## Input data
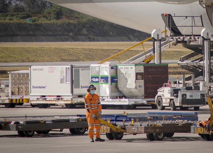 8月3日,工作人員在厄瓜多爾首都基多蘇克雷國際機(jī)場轉(zhuǎn)運(yùn)新冠疫苗。
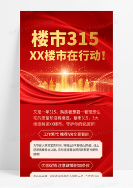 大气红金房地产楼市315在行动长图手机海报
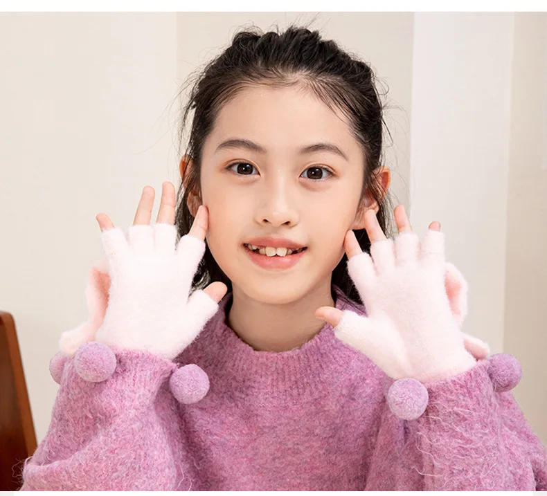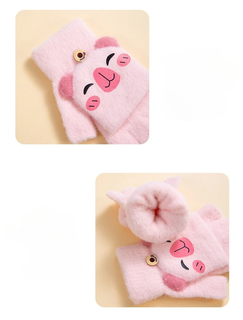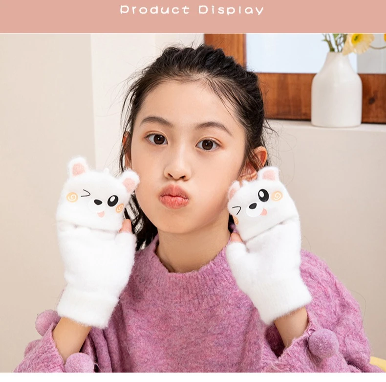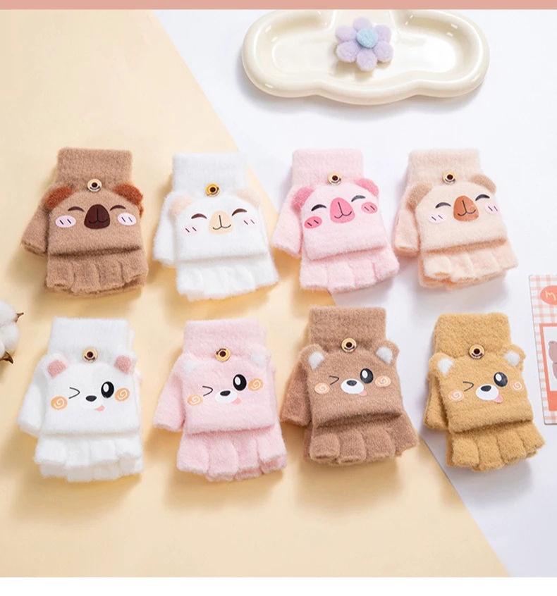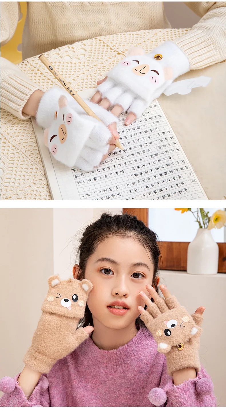 Convertible Flip Top Mittens for Kids Cute Cartoon Warm Winter Gloves Fingerless Full Finger Cover Animal

## Exercise
Pictures are not part of the copy. Please reproduce the material word for word.

## Answer below
 8月3日,工作人員在厄瓜多爾首都基多蘇克雷國際機(jī)場轉(zhuǎn)運(yùn)新冠疫苗。
 大气红金房地产楼市315在行动长图手机海报
 Convertible Flip Top Mittens for Kids Cute Cartoon Warm Winter Gloves Fingerless Full Finger Cover Animal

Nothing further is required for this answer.